Правая колонка на левой странице, перо 3
[IV, 5] Моря достались Альбиону
[VI, 5] Авось дороги нам испр[авят]
[VIII, 5] Измучен казнию покоя
[XI, 5] Кинжал Л[увеля] тень Б[ертона]
Мне кажется, Пушкин собирался усложнить кодирование пятых строк: начать строфы IV, затем записать следующую, затем одну пропустить, затем пропустить две и т. д. (IV, 5; V, 5; VII, 5; X, 5). Однако шифровальщиком наш поэт был никудышным, и план его провалился. Когда Пушкин сверял набор четвертых строк, он не заметил, что пропустил строфы V и X, и из-за этого, записывая пятые строки строф IV, V, VII и X, он на самом деле взял их из строф IV, VI, VIII и XI. Я также предполагаю, что скоро поэт понял, что с его шифром что-то всерьез неладно, страшно разозлился и забросил это занятие.
В 1831 г., через год после уничтожения «десятой главы», Пушкин исключил из ЕО
«Путешествие» как «Главу осьмую», а «Большой свет» переработал, поставив его на место этой главы. Я думаю, что никаких строф «десятой главы», помимо зашифрованных, не существовало, а строфа XVIII не была зашифрована по той простой причине, что не была закончена.

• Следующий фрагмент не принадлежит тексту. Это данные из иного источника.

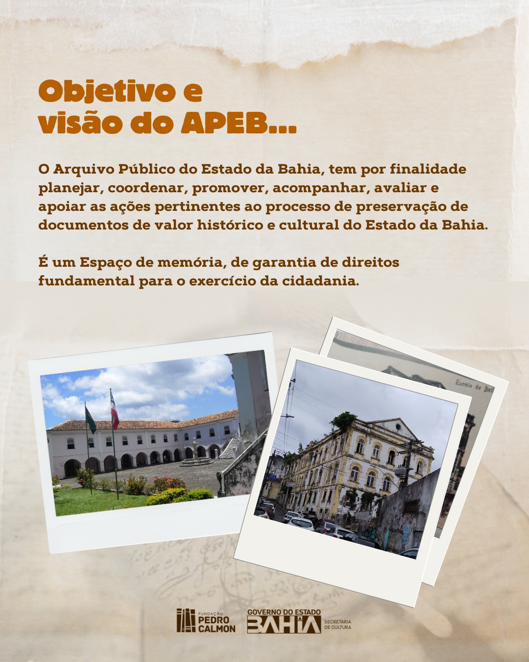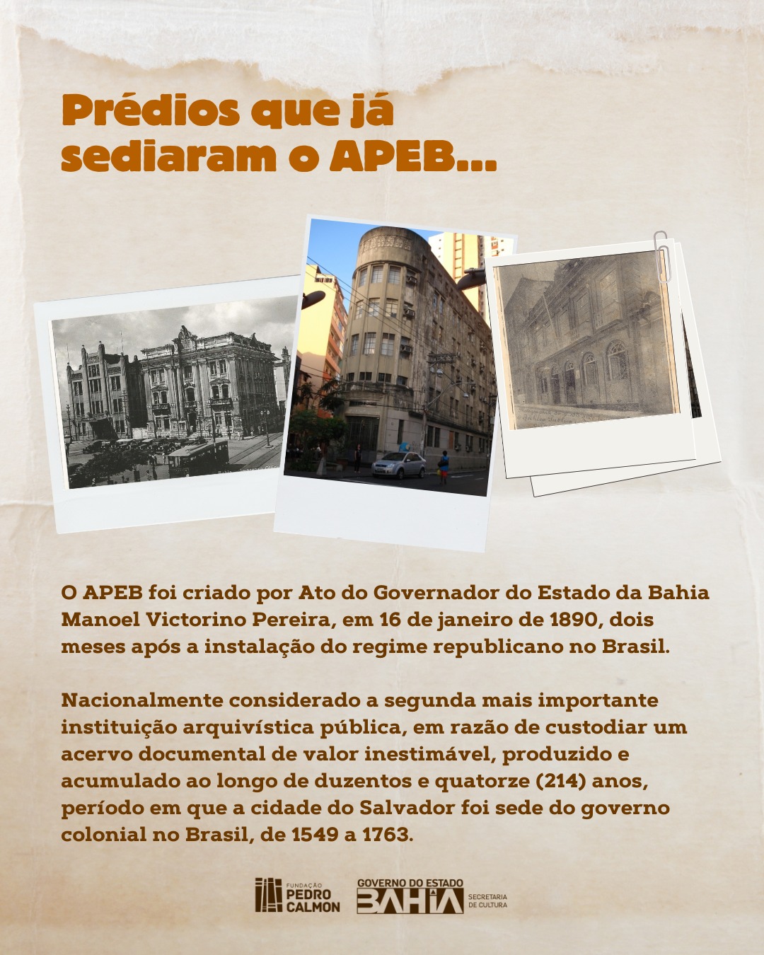 Dia Internacional dos Arquivos (9 de junho) é uma data para reconhecer a importância dos arquivos em preservar a história, o conhecimento de nossa sociedade, a  memória coletiva,  e o seu  papel crucial na transparência e na prestação de contas. Uma dessas instituições é o Arquivo Público do Estado da Bahia (APEB), unidade da Fundação Pedro Calmon (FPC/SecultBA), criada em 16 de janeiro de 1890.

Александр Тургенев упоминает описание Пушкиным «Возмущения», что заставило Томашевского предположить, будто Пушкин на самом деле описал — в не дошедших до нас строфах — coup d'état[954] 14 декабря 1825 г. Я считаю, что под «Возмущением» следует понимать конкретные приготовления и общее беспокойство, описанные в строфах, до нас дошедших. Из пушкинской пометки «сожжена X песнь» не обязательно следует, что глава была написана более чем на одну треть.Томашевский также утверждает в примечании к своей статье 1934 г. в Лит. насл.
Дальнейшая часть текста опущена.